-- Opening Marker --
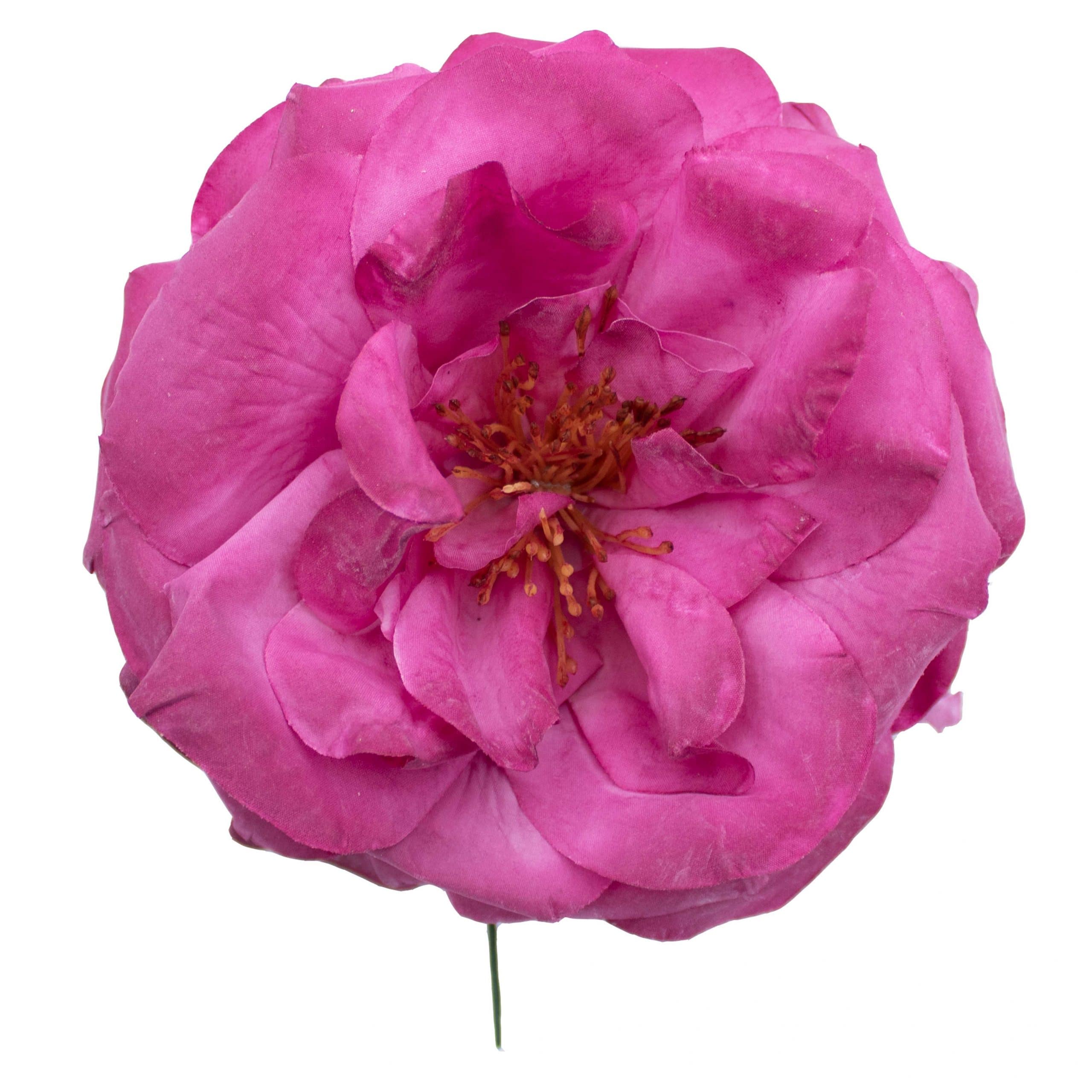 Flor de flamenca estilo rosa, de tamaño grande, con un diámetro aproximado de 14,5 cms y color Buganvilla. Elaborada artesanalmente en Sevilla.
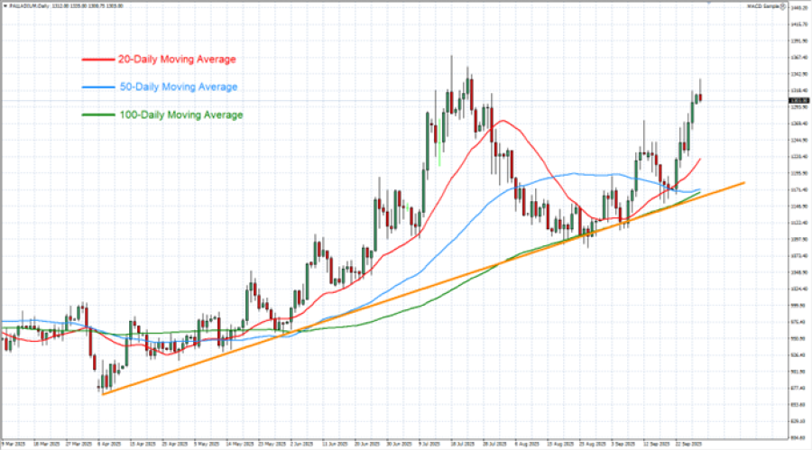 - CENA PALADIJUMA IZNAD 20-DNEVNOG, 50-DNEVNOG I 100-DNEVNOG POKRETNOG PROSEKA: Cena paladijuma ostaje iznad svojih dnevnih pokretnih proseka, što ukazuje na potencijalni uzlazni trend. Trend se može preokrenuti ako paladijum padne ispod tih proseka.
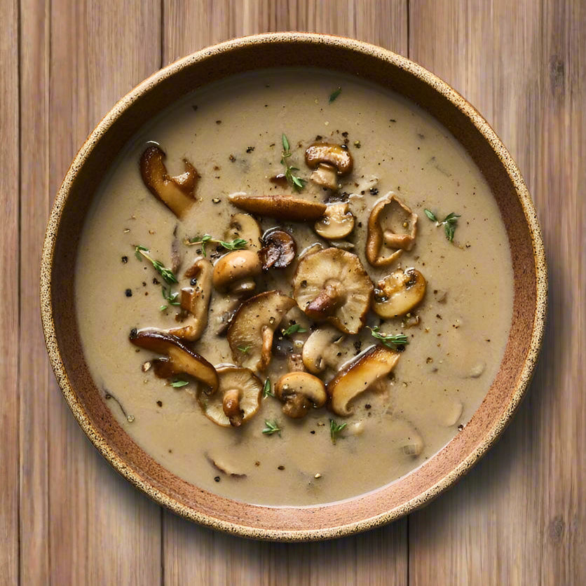 Cremini mushrooms & shiitake mushroom simmered in a fragrant broth with white wine and a splash of cashew cream.
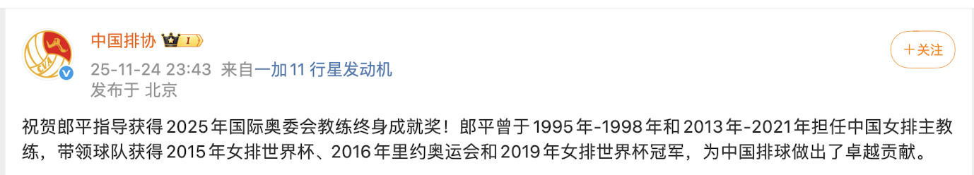北京时间24日晚,中国排协官方在社交媒体上发文,向郎平表示祝贺。“祝贺郎平指导获得2025年国际奥委会教练终身成就奖!郎平曾于1995年—1998年和2013年—2021年担任中国女排主教练,带领球队获得2015年女排世界杯、2016年里约奥运会和2019年女排世界杯冠军,为中国排球做出了卓越贡献。 ”
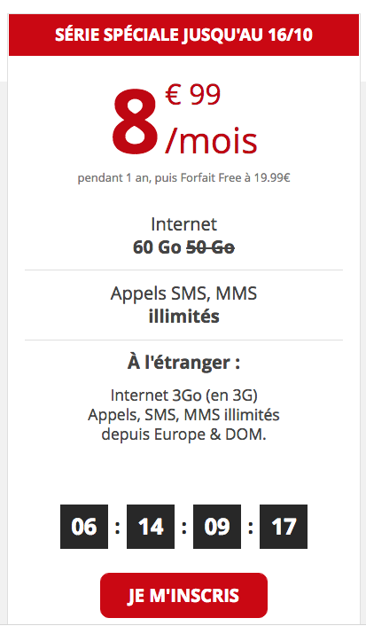 Lancé début juillet puis renouvelé à la rentrée avec 10 Go supplémentaires de data, le forfait "série spéciale" 60 Go à 8,99€/mois la première année de Free Mobile vient d’être une nouvelle fois prolongé. Comme chaque semaine, le compte a rebours a pris fin à minuit avant de repartir de plus belle ce matin. Dorénavant, cette offre est disponible jusqu’au 16 octobre. Celle-ci inclut :
-- Closing Marker --
▸ WORK INSTRUCTIONS
The answer consists solely of the lines from the one holding "- CENA PALADIJUMA" through the last line of the entries above, set down verbatim, without any pictures.

▸ EXPECTED ANSWER
 - CENA PALADIJUMA IZNAD 20-DNEVNOG, 50-DNEVNOG I 100-DNEVNOG POKRETNOG PROSEKA: Cena paladijuma ostaje iznad svojih dnevnih pokretnih proseka, što ukazuje na potencijalni uzlazni trend. Trend se može preokrenuti ako paladijum padne ispod tih proseka.
 Cremini mushrooms & shiitake mushroom simmered in a fragrant broth with white wine and a splash of cashew cream.
北京时间24日晚,中国排协官方在社交媒体上发文,向郎平表示祝贺。“祝贺郎平指导获得2025年国际奥委会教练终身成就奖!郎平曾于1995年—1998年和2013年—2021年担任中国女排主教练,带领球队获得2015年女排世界杯、2016年里约奥运会和2019年女排世界杯冠军,为中国排球做出了卓越贡献。 ”
 Lancé début juillet puis renouvelé à la rentrée avec 10 Go supplémentaires de data, le forfait "série spéciale" 60 Go à 8,99€/mois la première année de Free Mobile vient d’être une nouvelle fois prolongé. Comme chaque semaine, le compte a rebours a pris fin à minuit avant de repartir de plus belle ce matin. Dorénavant, cette offre est disponible jusqu’au 16 octobre. Celle-ci inclut :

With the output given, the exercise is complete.